When was the last time you paid for something with cash?
I mean actual notes or coins: have you reached into your wallet and pulled out a note to pay somebody recently?
I bet you are doing it less and less.
During the pandemic, we practically stopped using paper money (ATM use is down a third in the last three years).
And increasingly, we are relying on cards and phones to make transactions.
Money is changing.
Technology is disrupting the way we transact with one another.
And one of the key drivers for this story is the emergence and popularity of cryptocurrencies.
Australia launches a digital currency
Take the news that Australia’s central bank is launching its own digital currency.
For the next year, the cental bank is going to issue this currency through commercial banks in the hope of modernising their financial system.
Why now?
Well in the last few years, the Australian central bank has watched as cryptocurrencies exploded in popularity.
And it probably spooked them.
A recent Australian Securities and Investments Commission report on investor behaviour found that cryptocurrencies are second only to Australian shares as the most common asset that people hold in that country.
In terms of the value of the holdings, cryptos are now on a par with residential investment properties.
And so, understandably, the central bank wants a piece of the action.
They see that crypto is fast achieving mainstream adoption, and that they need to catch up.
Fast, cheap and easy to track
What they are proposing is a “Central Bank Digital Currency” or a CBDC.
This is very different from a cryptocurrency such as Bitcoin.
A CBDC is controlled by a central bank.
While Bitcoin is decentralised (there is no single point of control).
Both forms of payment are fast and cheap: allowing two parties to transfer huge sums of money, seamlessly, without a middleman.
The key difference is the point of control.
There’s two basic models.
The “Maximalist” model sees a government directly issue a digital currency directly to the populace through your phone or bank account.
In this model, you cut out commercial banks entirely.
It’s a radically new kind way of issuing and overseeing money.
Source: Bankless
Then there’s the Minimalist model.
In this model, the central bank will work through intermediaries such as banks and payment companies.
It’s a slight change on the existing system.

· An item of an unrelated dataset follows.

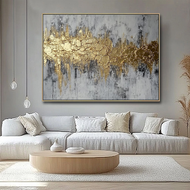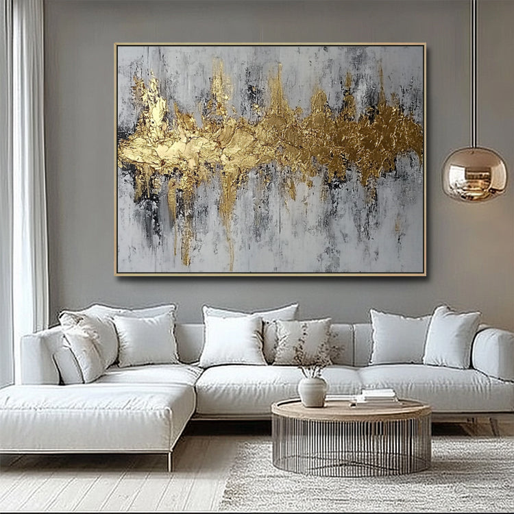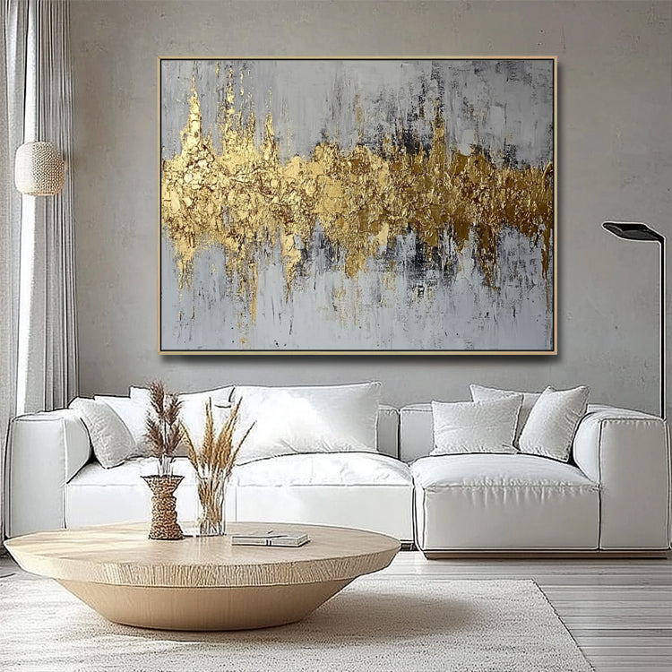 Handgemaltes Originalgemälde – Gold Grau Abstrakt Horizontal – WandgemäldeJedes Gemälde wird von unseren professionellen Künstlern bei Noah Art Studio in Xiamen von Hand gemalt. Kein Druck, kein Filter – echte Handmalerei mit hochwertigen Acrylfarben auf Leinwand.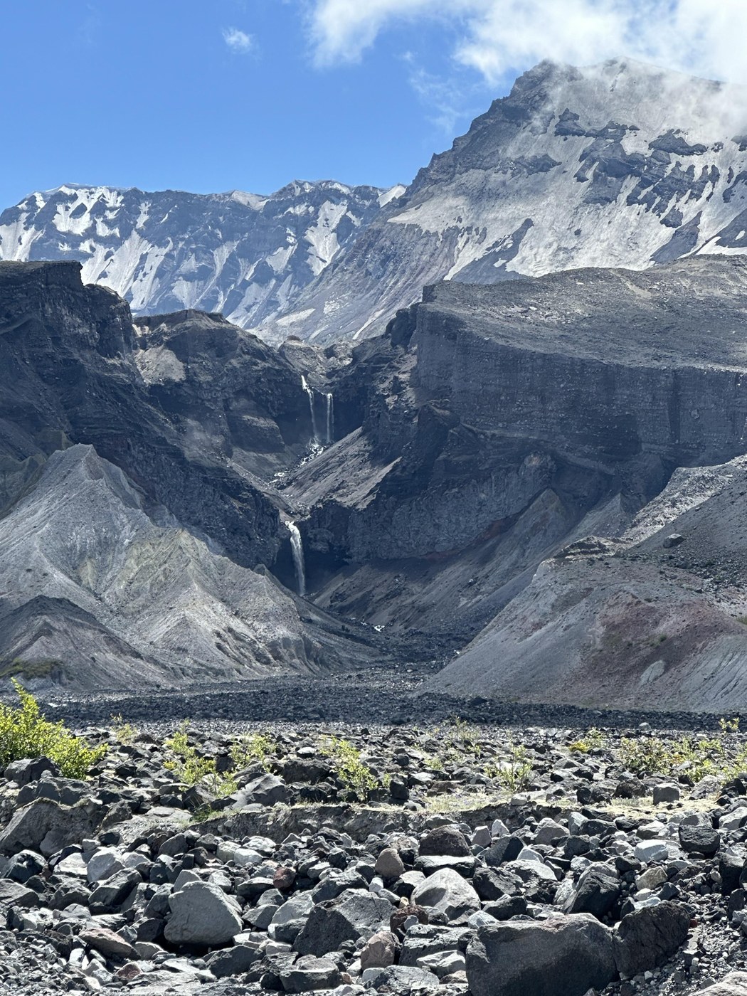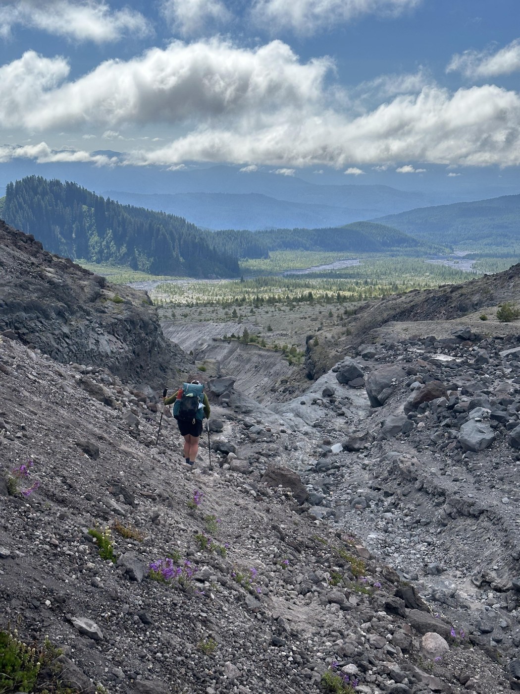 Right now, there is water in the blast zone starting at about mile 6 for this section. It is a big water crossing due to some waterfalls coming off of the crater. There were two streams. We couldn't find rocks that we were comfortable navigating to get across the second section, so we walked up stream where we found a place where we could wade through about mid-thigh. It was a little scary, exhilarating, and honestly, the cold water was refreshing after hiking in the sun. We stopped for lunch and pictures then made our way toward Windy Pass.

Right now, there are 91 central banks across the world experimenting with projects like these.
That includes the Bank of England and it’s “Britcoin” project. And also the People’s Bank of China, which has pushed for a Digital Yuan.
What they won’t say publicly is that CBDC’s are a great way to collect information.
That’s because a digital currency is easily tracked.
Every time you use a digital currency, the transaction is logged on the blockchain.
And so these currencies will allow central banks to keep tabs on exchanges, on taxes, on illegal activities… on all sorts of things.
As Bankless point out:
“CBDCs are fundamentally different from cryptocurrencies like Bitcoin and Ethereum — in fact, they’re diametrically opposed.
CBDCs exist on centralized ledgers surveilled and controlled by central banking institutions and government bodies.
Crypto means decentralization, while CBDCs necessitate a consolidation of control over finance by central banks.
Whatsmore, the programmability of CBDCs permits governments to track movements of currency from its origin…reverse transactions… even set and revoke arbitrary rules.”
Key Takeaway
It sounds scary.
But there is one more thing to consider here: competition.
The fact is that CBDC’s will compete with a host of already very popular cryptocurrencies.
For example, they will compete with Bitcoin, who’s network is growing at an annual rate of 113%.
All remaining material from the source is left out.